If you work with public APIs in Python, you will most likely – knowingly or unknowingly – use the REST protocol. A service provider that uses a REST API exposes an URL that receives requests. Requests made to the resource URL can have a payload in JSON, HTML, or XML format. A REST API will typically return the response in JSON format, but other formats, such as comma-separated values (CSV) are also possible. REST defines different HTTP methods (GET, HEAD, POST, PUT, PATCH, DELETE, CONNECT, OPTIONS and TRACE). However, the most important ones are:

  • GET: Used to receive data.
  • POST: Typically, used to send new data to the service provider. Sometimes also used to define how data should be retrieved, in subsequent requests.
  • PUT: Used to update data at the service provider.

There are various packages available for Python that offer build-in functionality for interacting with REST-based APIs. So we don’t need to program everything from scratch. Common packages are the pandas webreader and the requests package, which we will use in the following.
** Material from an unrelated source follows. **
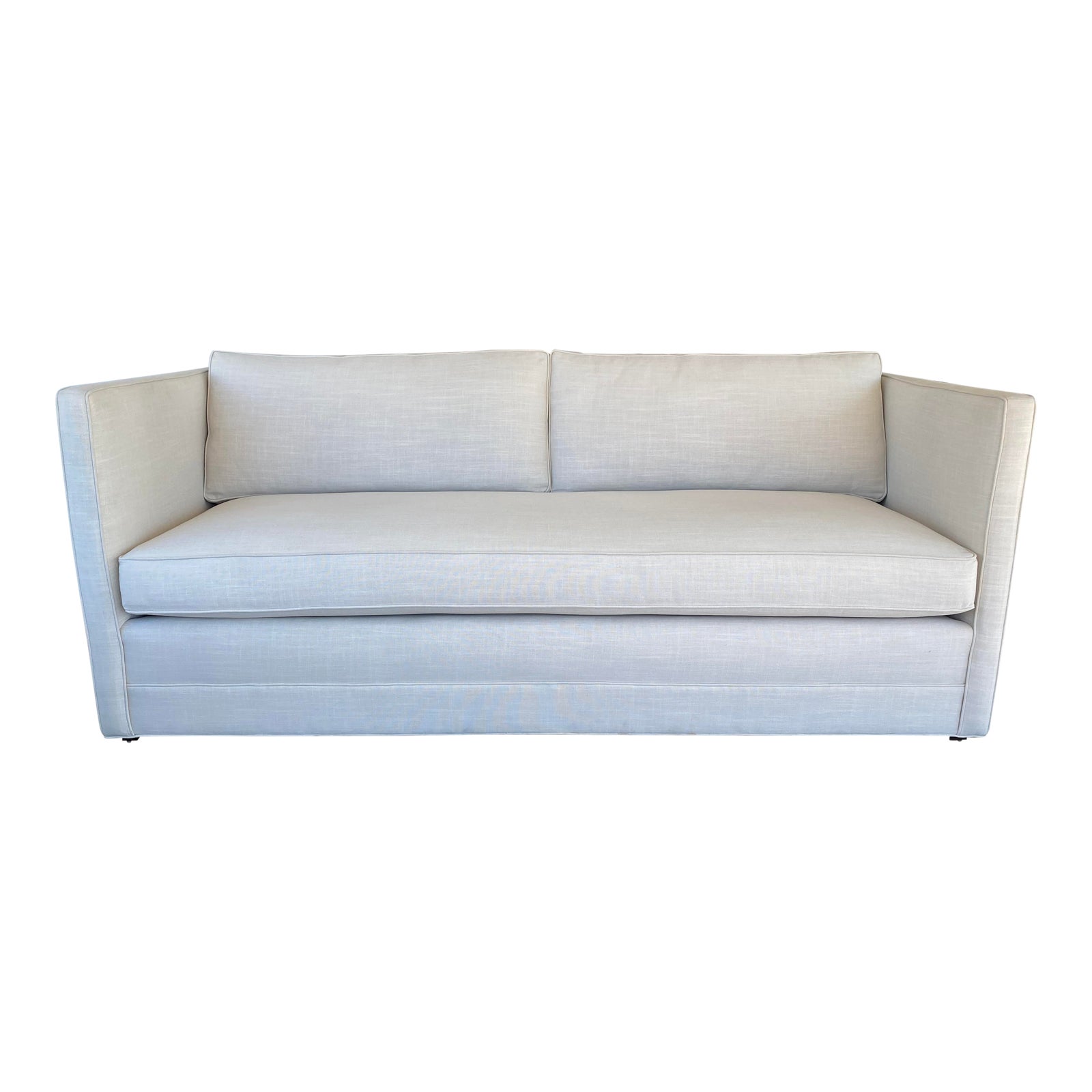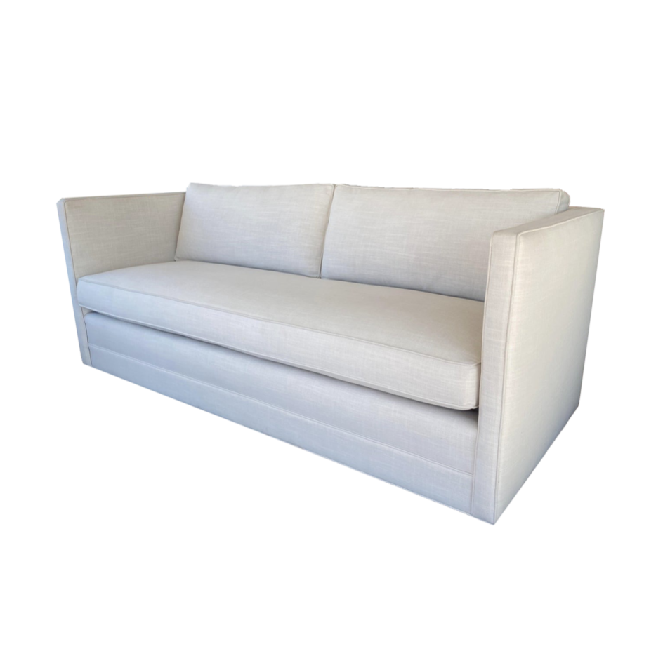 Design Plus Gallery presents a Miles Talbott Custom Landry Sofa with White Crypton Upholstery. Frame is constructed of kiln dried hardwood and constructed with a 8-Way hand tied system in North Carolina. Pocketed coils encased in 1.8-density foam and polyester fiber make up the seat construction as well. Fabric is 82% Crypton-treated cotton and 18% Crypton-treated polyester for added durability and worry free ease. Fixed back is blown conjugated polyester fiber in a channeled non-woven tick. Bench seat and back cushions are made of conjugated microdenier polyester. Soft seat makes for a dreamy lounge session.

Two API Examples in Python

Prerequisites

Before we start the coding part, make sure that you have setup your Python 3 environment and required packages. If you don’t have an environment set up yet, you can follow this tutorial to setup the Anaconda environment.

Also make sure you install all required packages. In this tutorial, we will be working with the following standard packages: pandas, numpy, math and matplotlib

In addition, we will be working with the Requests Package, which is a standard http library used to interact with REST APIs. It provides functionality to send a HTTP request to an API and receive a response.

You can install packages using console commands:

  • pip install <package name>
  • conda install <package name> (if you are using the anaconda packet manager)

Example A: Pulling COVID-19 Data using the Statworx API

There are many APIs out there which provide more or less reliable data on COVID-19 cases. I found that a good one to use is api.statworx.com/covid. This API provides historic data on the number of COVID-19 cases. Since the API does not require an authentication key, it is quickly set up.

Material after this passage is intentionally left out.